▶ [Exercise directions]
Starting from the line that holds "These 3-finger padded", output exactly each line through the end of the listing. Do not copy pictures.

▶ [Supplied information]
+===+
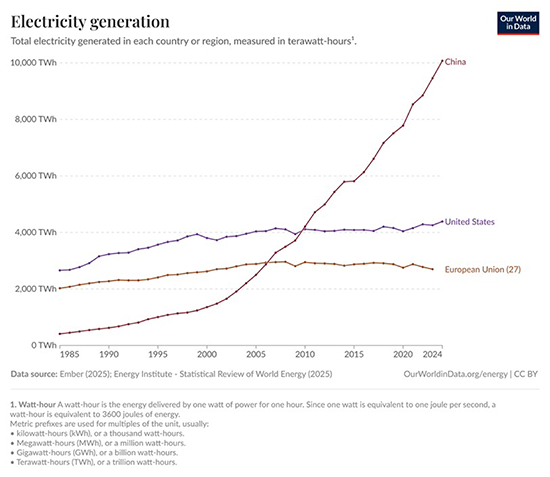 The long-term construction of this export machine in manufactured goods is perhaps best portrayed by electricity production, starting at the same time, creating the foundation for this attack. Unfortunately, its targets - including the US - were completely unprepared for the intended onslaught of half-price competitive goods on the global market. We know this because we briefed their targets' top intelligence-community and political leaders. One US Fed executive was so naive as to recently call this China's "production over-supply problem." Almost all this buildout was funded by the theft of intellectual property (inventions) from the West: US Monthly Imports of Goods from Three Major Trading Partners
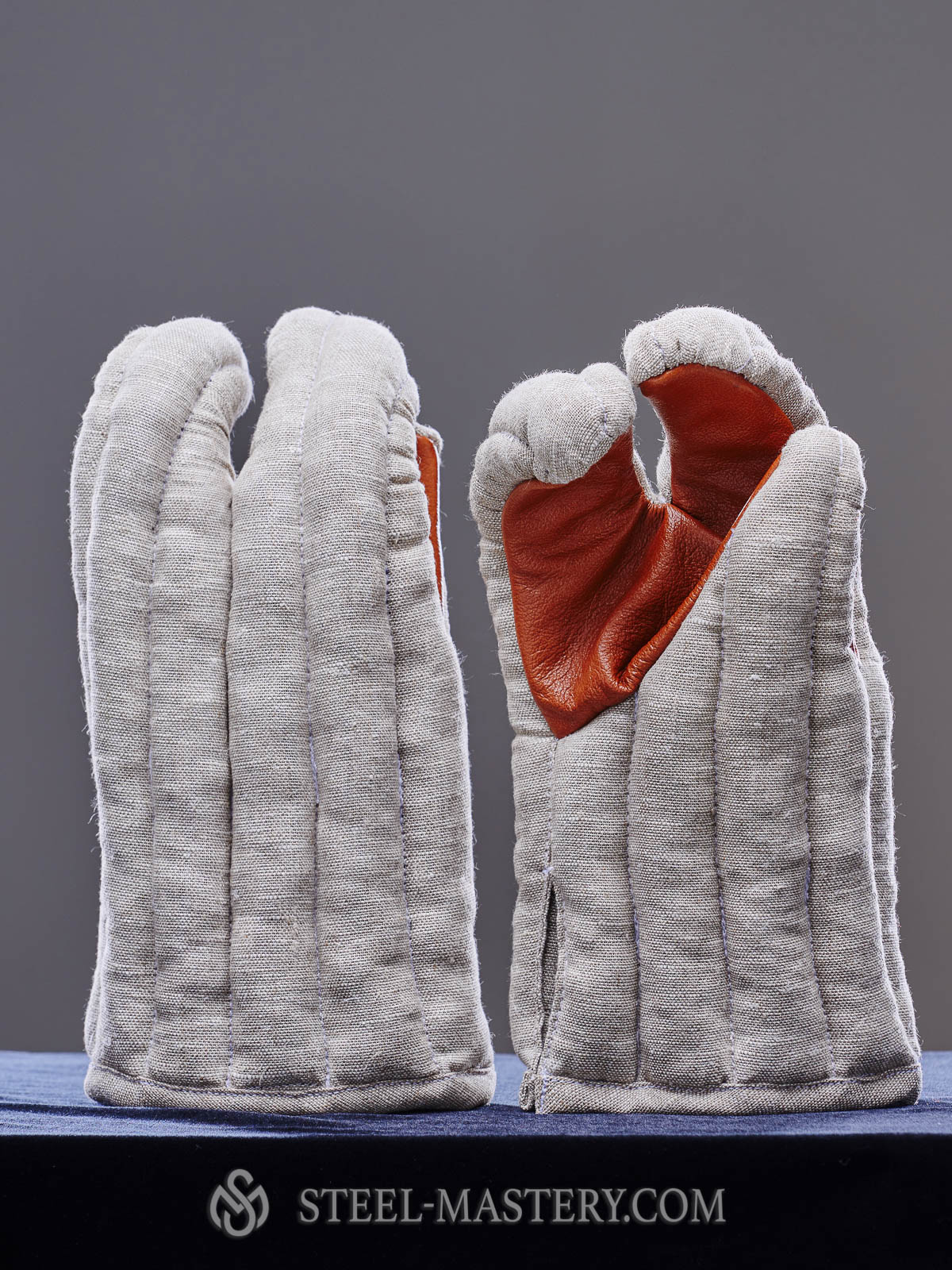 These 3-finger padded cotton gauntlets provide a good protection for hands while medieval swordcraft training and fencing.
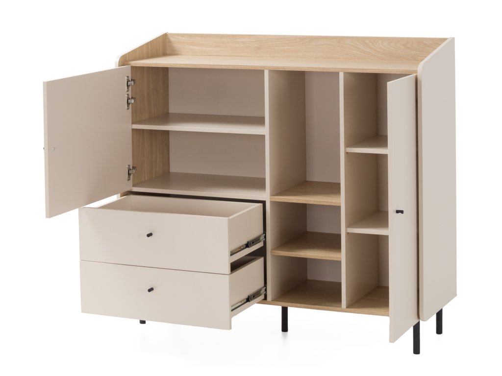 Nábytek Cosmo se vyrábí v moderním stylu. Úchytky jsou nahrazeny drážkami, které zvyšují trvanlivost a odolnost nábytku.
+===+
▶ [Solution to this task]
 These 3-finger padded cotton gauntlets provide a good protection for hands while medieval swordcraft training and fencing.
 Nábytek Cosmo se vyrábí v moderním stylu. Úchytky jsou nahrazeny drážkami, které zvyšují trvanlivost a odolnost nábytku.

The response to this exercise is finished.